SDXL GPU cluster scripts

SDXL Quick Start

This is a quick start guide for how to use SDXL 1.0 to play with the new models.

The goal is to try out all the cool new features to get the best possible quality out of a self-hosted image generation model:

  • 1024x1024 resolution.
  • Ensemble of expert denoisers, starting with the SDXL 1.0 base, and using the SDXL 1.0 refiner model for the last 20%.
  • Removes blue/red watermark speckles (without modifying diffusers).
  • Community VAE FP16 fix from madebyollin that greatly improves quality of FP16 generation.
  • Community "wrong" improvement from minimaxir that pushes the diffuser away from often bad-looking latents.

The scripts also support multiple GPUs using a client/server model.

Photograph of an astronaut riding a horse on mars

"Photograph of an astronaut riding a horse on mars"


Recently I added the .enable_freeu improvement from latest main diffusers repo. If you already have a checkout, you'll need to upgrade your dependencies:

conda activate sdxl
pip install --upgrade -r requirements.txt


I'm using two Ubuntu Linux servers, each with 3x Nvidia RTX 3090 GPUs, for image generation. You can probably get single image generation working at full quality with a 16 GB card, but the server script might run out of memory.

Download models

I'd suggest just downloading the models so you don't need to mess with tokens and stuff.

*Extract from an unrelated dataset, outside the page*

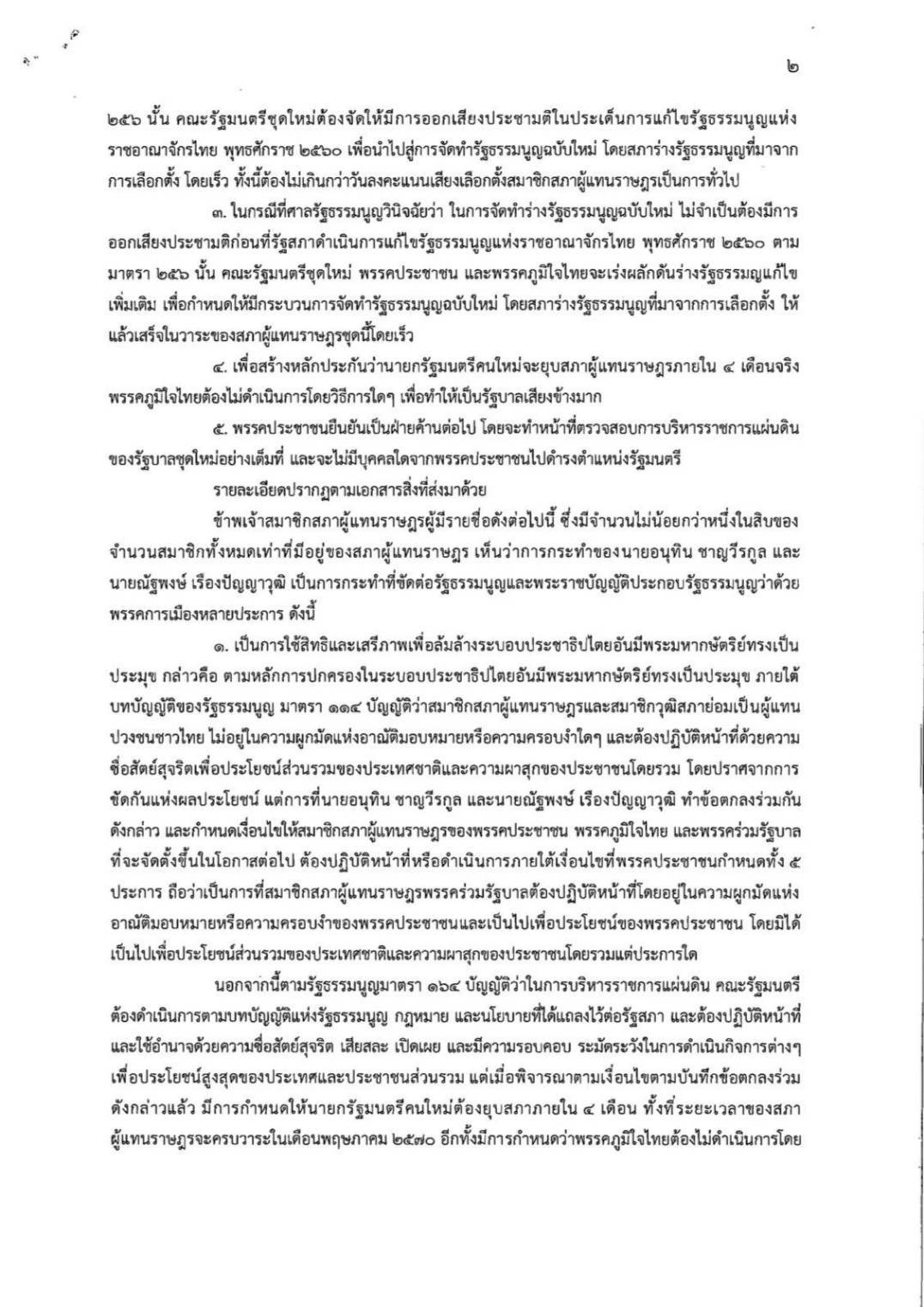 ข้าพเจ้าสมาชิกสภาผู้แทนราษฎรผู้มีรายชื่อดังต่อไปนี้ ซึ่งมีจำนวนไม่น้อยกว่า 1 ใน 10 ของจำนวนสมาชิกทั้งหมดเท่าที่มีอยู่ของสภาผู้แทนราษฎร เห็นว่าการกระทำของนายอนุทิน ชาญวีรกูล และ นายณัฐพงษ์ เรืองปัญญาวุฒิ เป็นการกระทำที่ขัดต่อรัฐธรรมนูญและพระราชบัญญัติประกอบรัฐธรรมนูญว่าด้วย พรรคการเมืองหลายประการ ดังนี้

The scripts in this repo expect them to be downloaded.

sudo apt install git-lfs
git lfs install

cd ~
git clone https://github.com/catid/sdxl/
cd ~/sdxl

git clone https://huggingface.co/stabilityai/stable-diffusion-xl-refiner-1.0
git clone https://huggingface.co/stabilityai/stable-diffusion-xl-base-1.0
git clone https://huggingface.co/diffusers/controlnet-canny-sdxl-1.0
git clone https://huggingface.co/madebyollin/sdxl-vae-fp16-fix

Setup and test

This assumes you have installed Conda: https://www.anaconda.com/download/

Set up environment and test the image generation:

cd ~/sdxl

# Note: 3.11 is not supported yet
conda create -n sdxl python=3.10
conda activate sdxl

pip3 install torch torchvision torchaudio --index-url https://download.pytorch.org/whl/cu118

pip install --upgrade -r requirements.txt

python test_generate.py


If you have multiple GPUs, you can use the client.py and server.py scripts to generate artwork in parallel.

On each server computer, run the setup instructions above. Then for each GPU, open a separate terminal and run:

cd ~/sdxl

conda activate sdxl

CUDA_VISIBLE_DEVICES=0 python server.py --port 9000

Specify a different --port for each server. Set the CUDA_VISIBLE_DEVICES=1 and so on for each different GPU. Using tmux with a pane for each GPU is what I do.

Create a new text file servers.txt with the contents to match your network. I have it set up like this:


Then open a new terminal to run the client:

cd ~/sdxl

conda activate sdxl

python client.py --servers servers.txt --outdir images --prompt "An astronaut riding a horse on a planet made of cheese" --guide 7.5 --steps 100

# The previous parameters are the defaults.  You can just type:
python client.py --prompt "An astronaut riding a horse on a planet made of cheese"

This will generate 1024x1024 images continuously until you close the client in the images subfolder.


Some example images are provided in the images/ folder in this repo.

To achieve full quality from an image generation server, 24 GB of VRAM seems required right now. It uses about 15.3 GB VRAM for the first image, and then after that the usage goes up to 21.3 GB.

It uses almost no CPU, only GPU.

On the RTX 3090 both models generate at about 4 iterations per second, so 100 iterations takes about 25 seconds per image per GPU.

With the "wrong negative prompt" improvement from minimaxir human subjects almost always have 5 fingers now and subjects tend to look correct more often in general.